Presidents Vladimir Putin and Xi Jinping lead the BRICS and the SCO. Xi leads the Belt and Road Initiative (BRI), Putin the Eurasia Economic Union (EAEU). Putin leads the New Middle East -- the "4+1" tested in the Syrian battlefield (Russia, Syria, Iran, Iraq plus Hezbollah), now with Turkey, with China supporting from behind. Putin is immensely respected by Japan, South Korea, Vietnam and Pakistan.
Vladivostok is a little over 300km away from the DPRK's Punggye-ri missile test site. So at the Eastern Economic Forum, just concluded in Vladivostok, Putin naturally led, not only alongside Xi but also Japan's Shinzo Abe and South Korea's Moon Jae-in, all bent on carefully maneuvering the Trump administration into rationality.
In the larger geopolitical chessboard, those US "nuclear capabilities" threats voiced by Trump and his generals are not just aimed at Pyongyang. The real, long-term, ultimate target is "RC." THAAD missile radars are able -- at least in theory -- to "see" up to 3,000km into "RC" territory. For "RC," this is an absolute no-no.
The Korean Peninsula high drama is a dense crossover of top level diplomatic warfare and accompanying infowar. The War Party spread out across the Beltway essentially proposes a nuclear exchange and does not rule out, as Trump just said, a military attack ("certainly could happen"), with absolutely horrendous consequences, as in millions of dead Koreans, North and South.
Trump and US ambassador to the UN, Nikki Haley, refuse to talk. Moreover, the War Party is very much aware that if the DPRK is not demonized as a threat, the entire rationale for the industrial-military complex to be present in Japan and South Korea disappears.
In parallel, former director of Los Alamos National Laboratory Siegfried Hecker, who's been to North Korea's nuclear facilities, has stated, unequivocally, that Kim Jong-un "is determined to develop an effective deterrent to keep the United States out." As long as US military bases are surrounding the DPRK there's no way Pyongyang's nuclear program will be frozen.
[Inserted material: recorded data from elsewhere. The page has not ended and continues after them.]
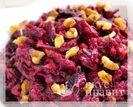 Свеклу натереть на крупной терке, чернослив (предварительно промытый и замоченный, очищенный от косточек) нарезать кусочками, всё перемешать, сбрызнуть соком лимона, посолить, приправить майонезом, смешанным со сметаной и сахаром.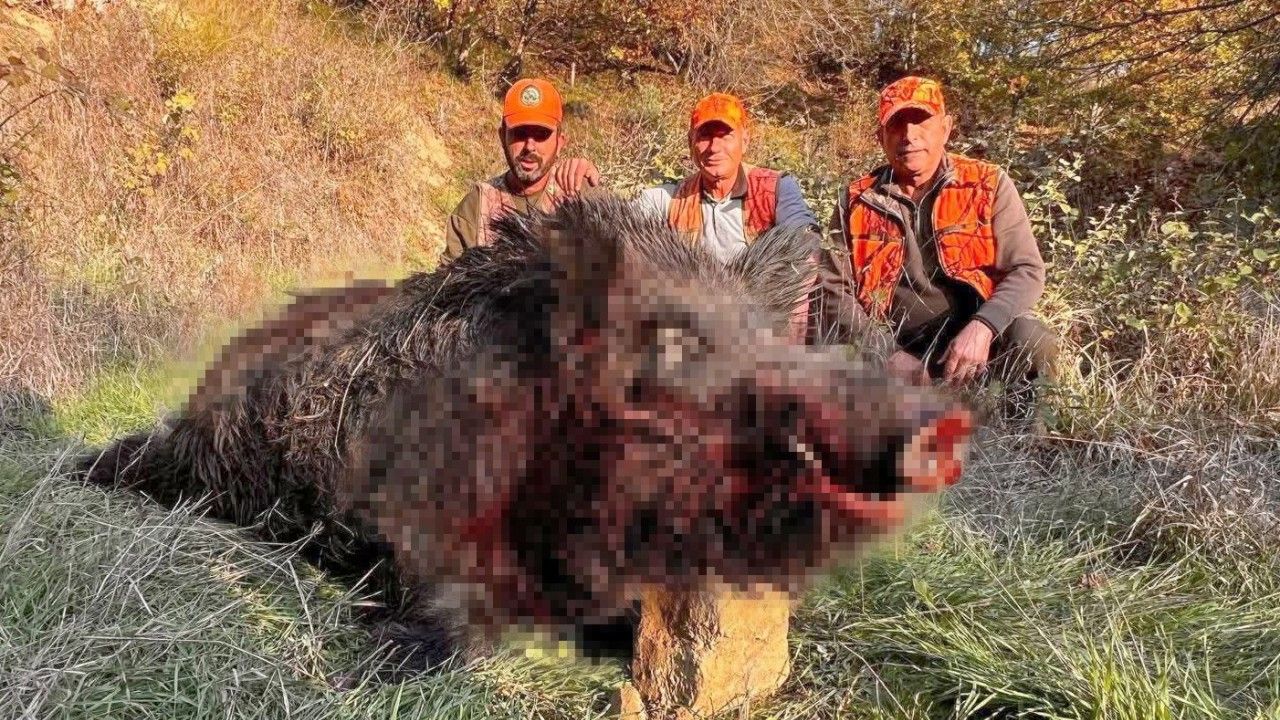 Tekirdağ’ın Hayrabolu ilçesinde sürek avına çıkan avcılar, yaklaşık 300 kilogram ağırlığında dev bir yaban domuzu avladı.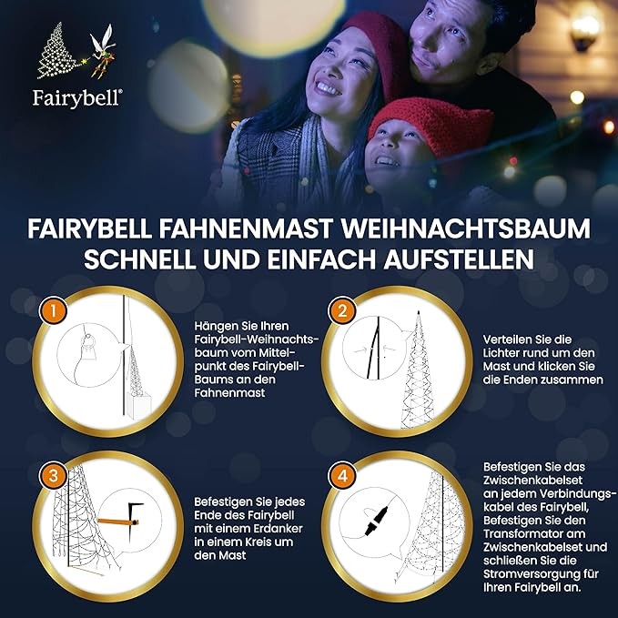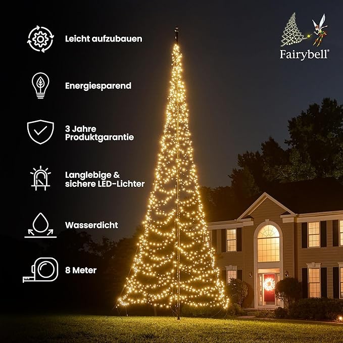 Fairybell LED Christmas tree for outdoor use Flagpole - 8m - 1500 LED lights - Warm white with twill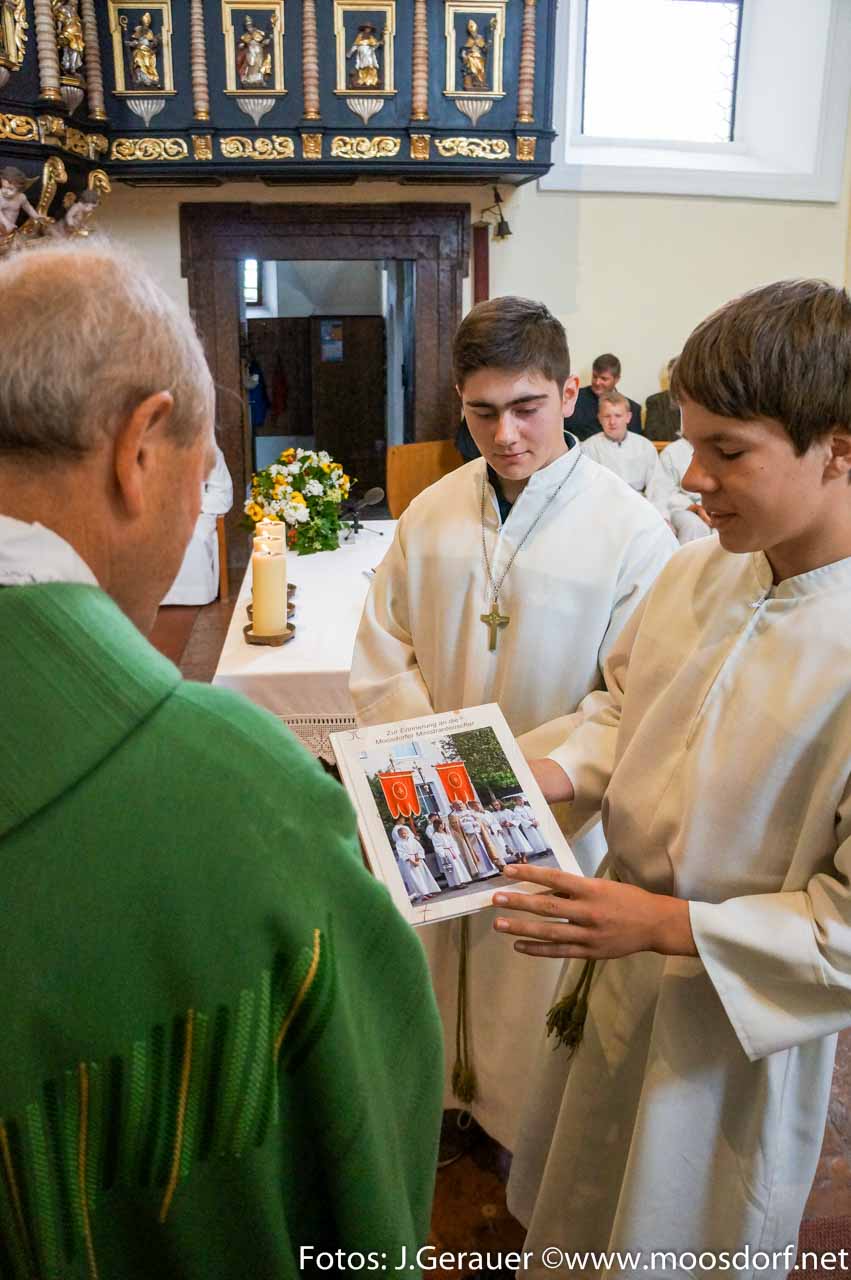 Ebenfalls unter der Leitung von Elisabeth Wolfersberger stellte sich zum „Abschied“ zusätzlich der Jugendchor Moosdorf ein. Erfreulicherweise trug dieser mit seinem hellen, frohen Gesang zum Gelingen des Festgottesdienstes bei, der übrigens ohne Wissen des Herrn Pfarrers zusammengestellt worden war und bei allen Beteiligten auch ein wenig Wehmut aufkommen ließ…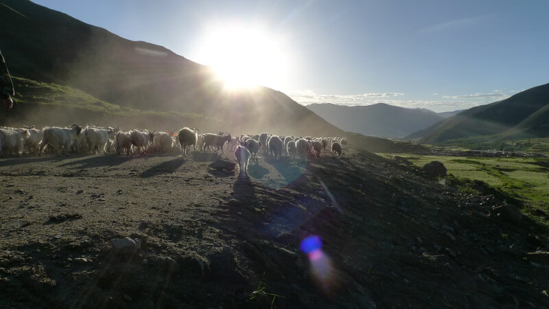 We leave Ganden, ready for our confrontation with the Himalaya. As we look back before passing the pass we see inhabited buildings, it will be several days until we return to this kind of civilisation. The monastery is defying the height and terrain but beyond it only tents and nomads go. Going into the mountains we encounter a rhythm of life alien to us. Driven not by schedules or by chasing the next picture, but by the necessities of the environment. We overcome them with the help of our hired guides and yaks. Our support crew allows us to ignore these necessities, which nevertheless are visible every step along the way.

This is an unchangeable fact on the ground.
Instead of a "military attack" or nuclear war, what "RC" proposes are essentially 5+1 talks (North Korea, China, Russia, Japan and South Korea, plus the US) on neutral grounds. That's called diplomacy.
In Vladivostok, Putin went out of his way to emphasize common sense; defuse military hysteria; and warn that stepping beyond sanctions would be an "invitation to the graveyard." Instead, he proposed business deals.
What about a wall of connectivity?
What happened in Vladivostok is really ground breaking; Moscow and Seoul essentially agreed on a trilateral trade platform, involving Pyongyang, to ultimately invest in connectivity between the whole Korean peninsula and the Russian Far East.
Moon proposed to Moscow to build no less than "nine bridges" of cooperation; "Nine bridges mean the bridges of gas, railway, the Northern Sea Route, shipbuilding, the creation of working groups, agriculture and other types of cooperation."